Thanks so so so much!/img/vbsmilies/smilies/chef.gif


----------



## jtobin625 (Dec 16, 2008)

Honestly, you are going to get a solid education at either school from what I understand.  If money is not an issue, I would probably choose CIA over J + W but it's not to say J + W is a bad choice.  

Visit the campuses and get a feel for each one and then enjoy your decision.


----------



## futurechef85 (Apr 23, 2010)

CIA is very well known as is J&WU. I think it depends on what you are looking to get out of the program. You should visit both campuses and talk to the heads of the program. I know a master chef and he told me that the name of the school matters when you get your first job, but then after that it doesnt matter where you went to school. What matters is your cooking talent/skill. Go wherever you feel like you would get the most valuable education. Most people would choose CIA.


----------



## hessian (Apr 29, 2010)

I had to go through that same choice after leaving the army. i mean its all paid for no matter where i go so that wasn't a problem. i ended up choosing JWU because of the teaching style. either way though both are going to be a good choice i think.


----------



## akitchentable (Nov 27, 2010)

As a CIA alum, you could accuse me of being biased, but it isn't just my loyalty to my alma mater that makes me say: CIA for sure. It opens doors like no other. An employer with a bunch of resumes on his desk will ALWAYS give the one from the CIA student a second glance, if not an invitation to trail in the kitchen. The CIA at Hyde Park has an unparalled library, lots of acclaimed staff and the added advantage of its proximity to NYC. I would put my money down there.


----------



## chefedb (Apr 3, 2010)

That is your opinion only. I don't care what school or no school  just let me see for myself in the kitchen. 
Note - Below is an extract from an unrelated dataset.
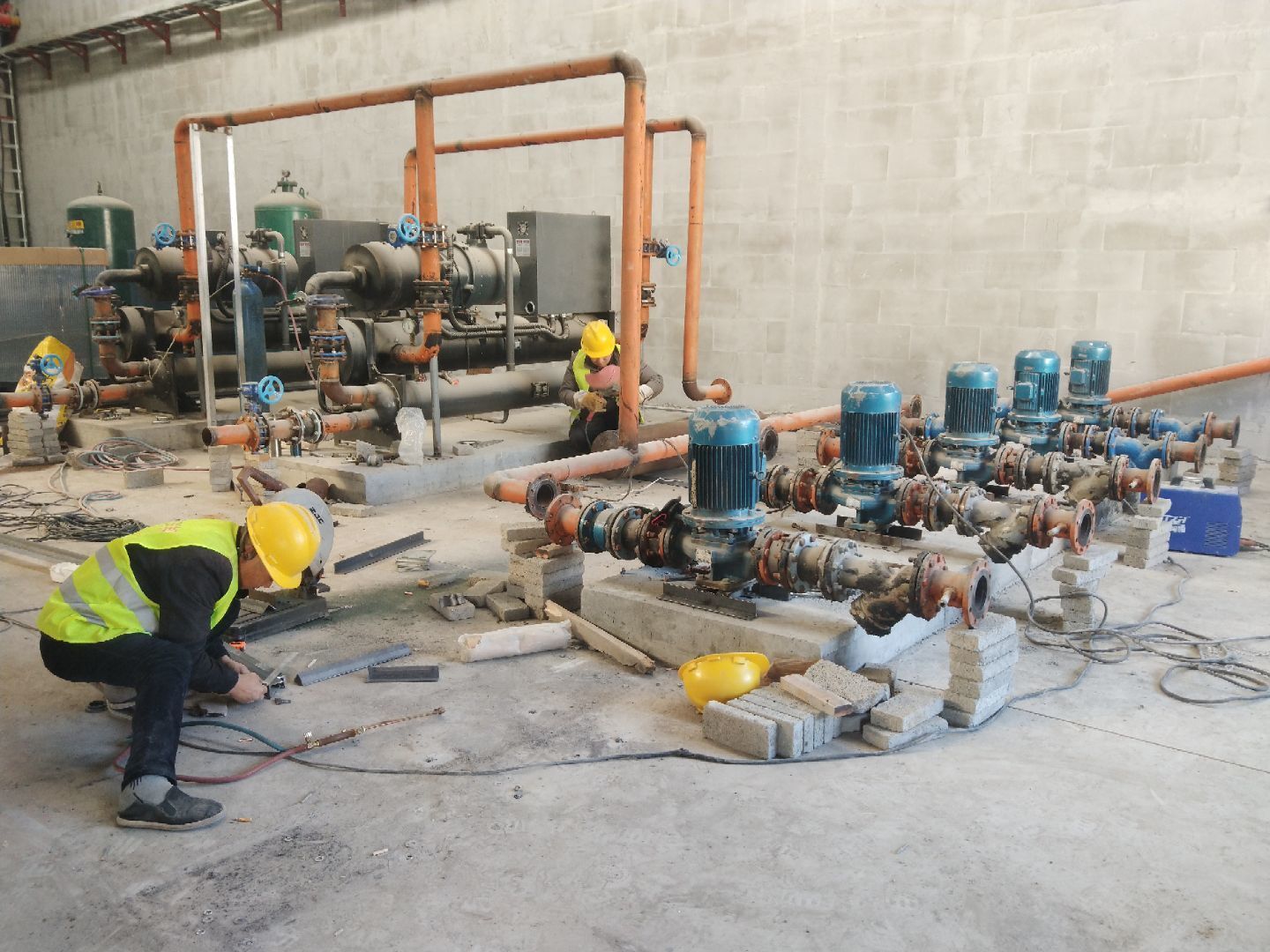 1、空調水系統完成并完成打壓并讓甲方見證; 2、碰頭風管清洗,安裝完成60%; 3、飲片車間: 空調水系統完成并打壓見證; 空調風管安裝完成。

 For the 1000th time ""It is not the school, it't the student''


----------



## jim berman (Oct 28, 1999)

If money isn't an object... Why not make a visit to each campus and talk with current students? I would bet that something will just 'click' at one of the campuses. As it has come up many times before, there is no one-size-fits all solution; some people need a big school away from home, some do well at a local, community college and others do well going straight into industry. Ultimately, it is what is the best fit for you.


----------



## foodpump (Oct 10, 2005)

Going to say this for the upteenth time:

Go and work in a restaurant or two _*BEFORE*_ you sign on the school's dotted line.

I'm also 100% behind what Ed says about the student, not the school being the deciding factor.


----------



## konditoralex (May 10, 2010)

Being an Alum. of the J&W 4 year program I have to say that it is top notch.  Before I decided I looked at both schools and I thought that CIA may be a bit stronger for Culinary but in Baking & Pastry J&W had them beat.  At that time J & W had much more lab time than classroom time and the best way to learn is by doing.

J&W has 3 campuses each with their own strengths but I have to say that since the University is based in RI many of the best Chef's are there.  I understand that they have also done a major remodel since then.  So all of the labs are new and many of the faculty are as well.

You have to know that J&W is a 2 + 2 program, you do your 1st 2 years and have to apply for the 2nd two.  Only 13 of us were accepted and 12 finished.

I agree with others that it will help you to get your 1st job but the base of knowledge that you have is huge which will help you throughout your career.


----------



## theunknowncook (Dec 17, 2009)

xashley717x:

C.I.A. = Cook It, Again! /img/vbsmilies/smilies/lol.gif A *B.P.S.* degree from C.I.A. does not mean that you will necessarily succeed in the trade. The last 2 years [Junior, Senior years] would be mostly Management courses. Why not get better baking and pastry training elsewhere, and then earn a Baccalaureate degree in Bakery Science, Hospitality-, Culinary-, Restaurant-Management at a university?

Do not be enamored with the marketing and hype about C.I.A., J. & W., etc. What you can do for the Pastry Chef or Executive Chef is what will keep you employed or not. I don't mean to sound callous, but this is a ruthless industry, and no one cares if you have a B.P.S. from the C.I.A. Only C.I.A. cares if you spend your parents' money for their exorbitant tuition.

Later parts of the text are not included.